Hien Nguyen (La Trobe). Distance-based ABC Procedures: ABC procedures often rely on appropriate choices of summary statistics that can be used to measure the difference between simulated data and observed data. Using appropriate distances over probability measures, it is possible to construct ABC procedures that directly measure the difference between samples, thus avoiding the use of summary statistics. Numerous proposals have been made regarding appropriate choices of distances, including the Kullback-Leibler divergence, the maximum mean discrepancy, the Wasserstein distance, and the energy statistic, each with their own merits. We review the current state of the literature and present some examples of such distance-based methods.

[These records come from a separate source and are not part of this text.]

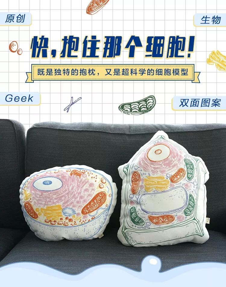现在,果壳商店把动物细胞和植物细胞美味的亚显微结构,画在了抱枕上。超有意思的Geek风抱枕,凸显你非凡的品味,顺带让每一个来拜访你的朋友,都不再忘记生物老师的谆谆教导!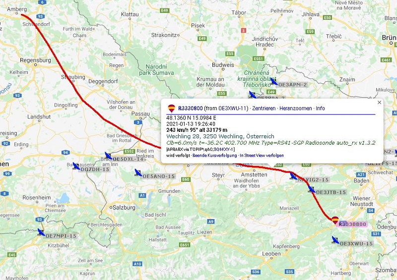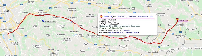 Flugstrecke am 24.2.2021 mit 34.908m größter Höhe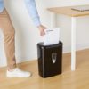 - Shreds up to 6 sheets of 20-pound bond paper at a time; also destroys credit cards (one at a time, through dedicated slot), staples or small paper clips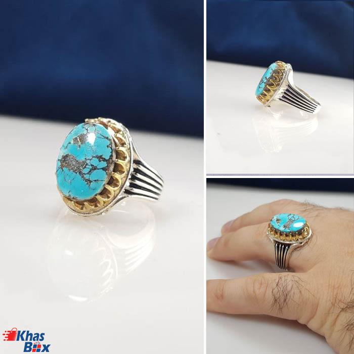 انگشتر فیروزه نیشابوری طبیعی مردانه مدل 52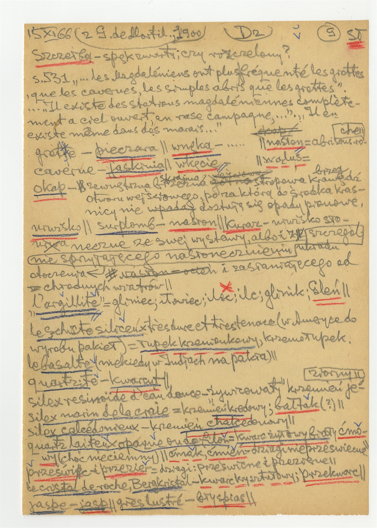 Rękopis wypisów z nieokreślonej publikacji G. de Mortillet'a do pracy "Dziagi w P." i innych - strona 9: "Szczełba" […] "gr?s lustré" 15 XI [19]66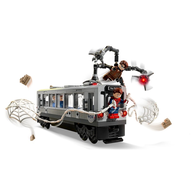 Minifigurina Doc Ock are 4 tentacule articulate, 2 cu elemente „rază laser” și 2 cu cleme care se atașează de tren. Acoperișul detașabil oferă acces la interiorul trenului, care are spațiu pentru ca pasagerii minifigurine să stea jos.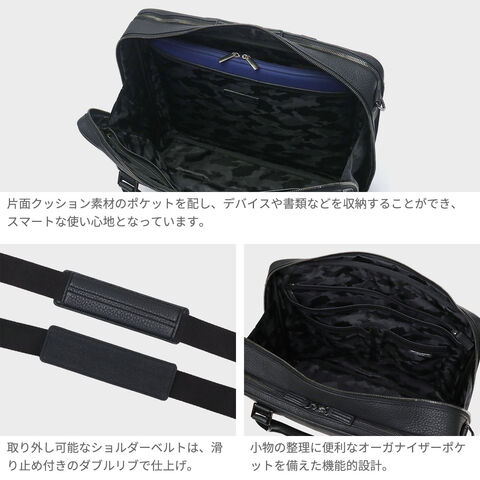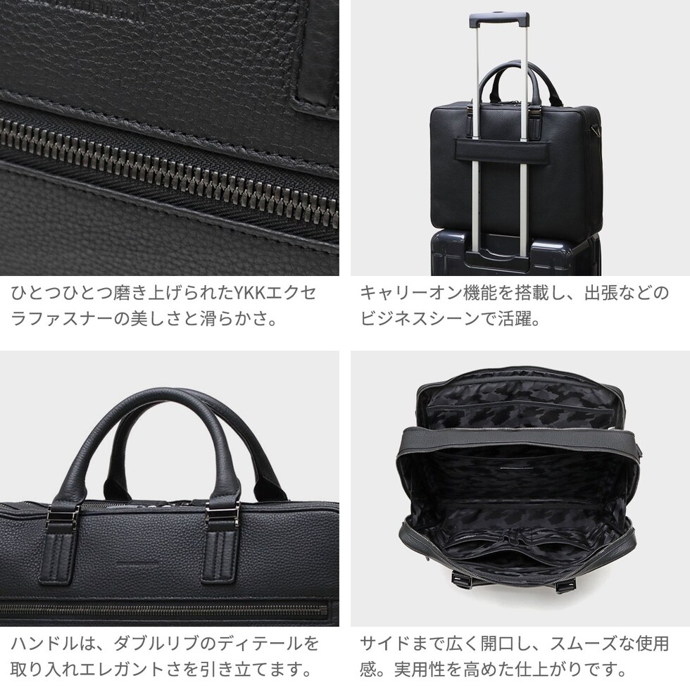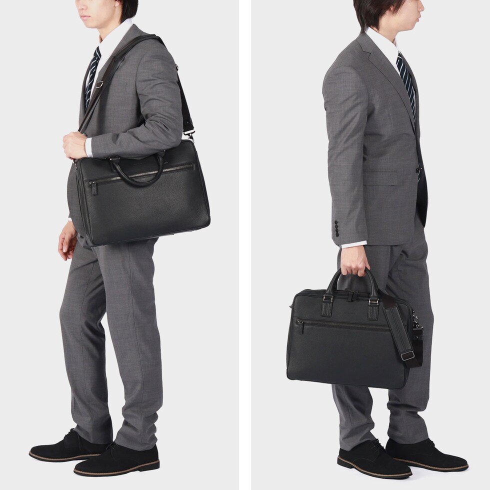 | シンプルながらも 洗練されたデザイン シュリンクレザーの上質感と機能性を融合した『MC COLLECTION』の2層式2WAYブリーフケース。本革の上品なデザインと収納力を備えた機能美が魅力です。キャリーオンやショルダー使いも可能で、通勤や出張をスマートに演出します。 |

Joint Session - Computational

Leah South (Queensland University of Technology). BSL: An R package for Bayesian Synthetic Likelihood and its Extensions: This mini-tutorial will present the R package "BSL" for Bayesian synthetic likelihood (BSL) and its extensions. Using several examples, I will describe how to build a BSL object with a function to simulate data, a function to calculate summary statistics and a log prior function. The motivation for extensions such as penalised covariance estimation and semi-parametric alternatives to the standard Gaussian summary statistic approximation will be described and their straightforward application in the package will be illustrated through examples.


Henri Pesonen (University of Oslo). ELFI: Engine for Likelihood-free Inference: ELFI: Engine for likelihood-free inference is a Python library for implementing the likelihood-free inference workflow. In this tutorial we will use examples to demonstrate how to arrange components such as priors, simulators, summaries and distances to a network model called ELFI graph. In addition, we will show how to carry out the inference using ELFI graphs and the various built-in inference methods, describe the logic of implementing new inference methods and discuss other library features designed to help with the analysis workflow.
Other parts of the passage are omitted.